Il y a un an éclatait l’un des plus gros scandales financiers du business européen. Le 13 juillet 2023, Armando Pereira était arrêté par la police portugaise puis mis en examen pour « blanchiment, corruption et fraude fiscale ». Selon les enquêteurs, le n° 2 du groupe Altice aurait mis en place un système frauduleux avec un certain Hernani Vaz Antunes, son ami « depuis au moins le début des années 2000 ». Selon le rapport d’enquête obtenu par l’Informé, ce schéma était très ancien et très étendu : « Hernani Vaz Antunes a commencé à mener ses activités commerciales à partir de 2012, afin de devenir un fournisseur de référence du groupe Altice, non seulement au Portugal, mais aussi dans plusieurs autres pays d’Europe, aux États-Unis, et en République dominicaine, avec la collaboration d’Armando Pereira, avec qui il partage les bénéfices, et celle des hauts dirigeants d’Altice, à qui il attribue des avantages indus, pour orienter en sa faveur les décisions de recrutement [des fournisseurs] » .
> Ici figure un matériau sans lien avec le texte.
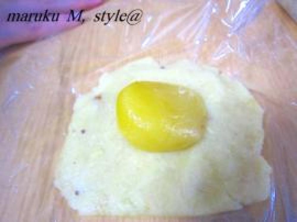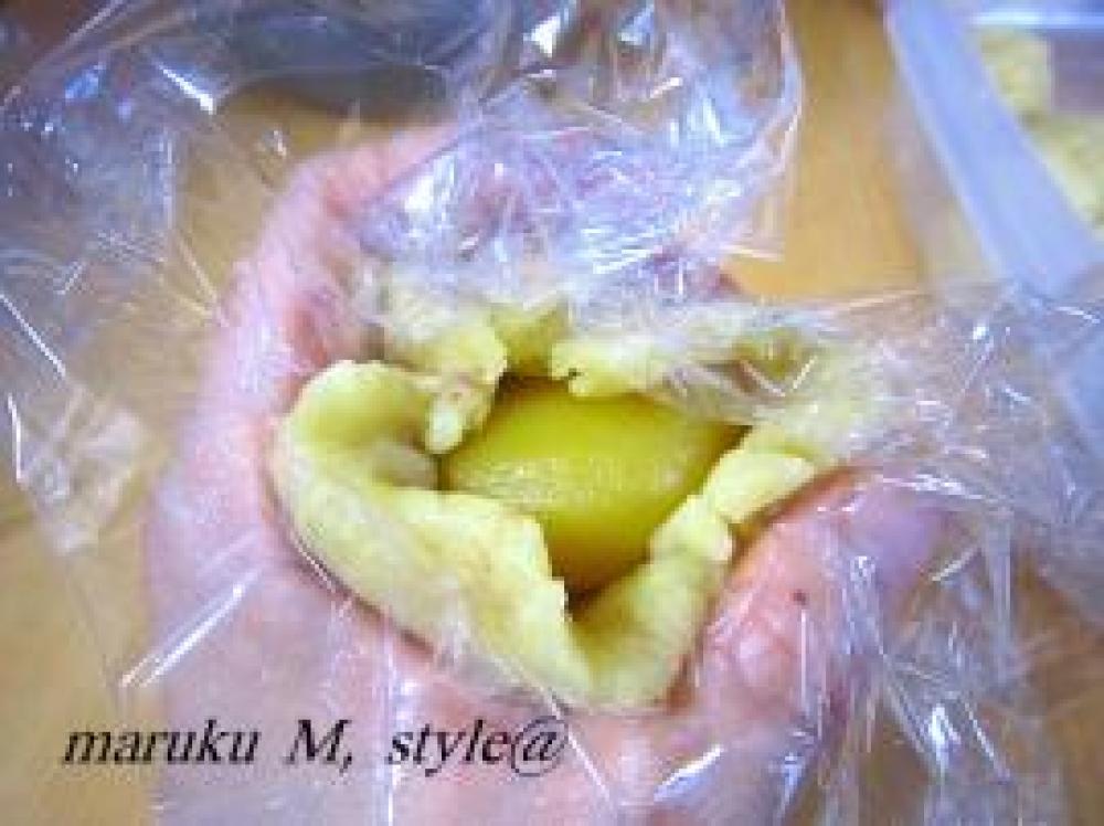 ![]() 真ん中に栗の甘露煮の半分を入れます!もちろん1個入れても!(包みにくくなるのでその場合はさつま芋の生地を多くとってね)

Les montants en jeu sont vertigineux. Pour la filiale portugaise Meo, les commandes passées à ces prestataires suspects se chiffraient à 130 millions d’euros par an (en moyenne sur 2017-22), à en croire les enquêteurs. Pour l’opérateur français SFR, elles s’élèvent à près de 200 millions d’euros par an (163 millions pour l’année 2022), selon les déclarations de la direction en interne. Sur ce volume d’affaires était donc prélevée une marge indue, que Patrick Drahi a chiffrée à 20 % lors d’une conférence avec les analystes. Soit une soixantaine de millions d’euros par an pour les seules entités portugaises et françaises. Au total, les sommes détournées tutoieraient le milliard d’euros, selon des estimations internes.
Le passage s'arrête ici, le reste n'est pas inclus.